Diaspora News of Friday, 14 March 2003

Source: Mainichi daily News

Businessman bilked in "special liquid" bank note scam

Mainichi Shimbun,Japan -- Two foreigners who conned an executive into paying for a "special liquid" designed to clean what they called black-coated U.S. bank notes worth millions of dollars were arrested Friday, police said.

The bills the accused, Jonathan Edwin Thorpe from Liberia and Michael Okudzeto from Ghana, described as U.S. currency were just black-coated paper, said Shibuya Police Station officers.

Thorpe and Okudzeto told a company executive from Tokyo's Setagaya-ku in February that they were in possession of "black bills" worth some 5 million dollars or 590 million yen when they first met the victim at a coffee shop in Tokyo's Roppongi district.

They then invited the 50-year-old businessman to a hotel in Tokyo's Shibuya area and tried to entice him into a joint business plan involving huge money.

After meeting at the hotel on Feb. 20, Thorpe, 33, who claimed to be an interior designer, and Okudzeto, a 32-year-old trader, cleaned a note with what they called special liquid, and then asked the victim to pay for the liquid to clean the rest of the notes.

Then they swindled the man out of some 1.5 million yen, the officers said.

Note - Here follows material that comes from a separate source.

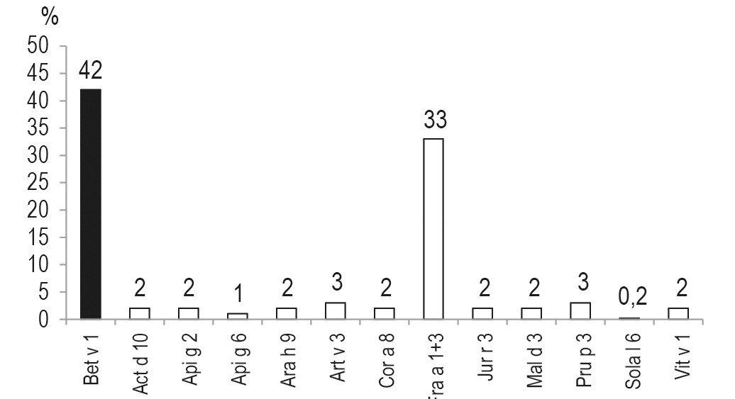 Роль профилинов как пищевого аллергена долгое время недооценивали. В настоящее время до ٥٠٪ пациентов с пищевой аллергией на растительную пищу имеют сенсибилизацию к профилинам [5, 8]. Так, например, в северо-западных регионах Испании, где частота выявления IgE-аТ к аллергенам пыльцы трав достигает 76% и выше, сенсибилизация к профилинам также высока – до 50% [1]. У пациентов в средней полосе России частота выявления IgE-аТ к профилинам, в том числе и березы (Bet v 2) невысока и варьирует от 5% до 7%. Тогда как частота выявления IgE-аТ к Bet v 1 достигает 42%.

During their meeting, two other people accompanied the conmen in an apparent attempt to convince the victim that the black bills were genuine.

A man who claimed to be a son of a former Liberian president and a woman who said she was the son's wife, told the executive that the notes were part of a financial aid package the U.S. extended to Liberia.

The man added that he had taken possession of the money from his father. The officers are on the hunt for the man and the woman.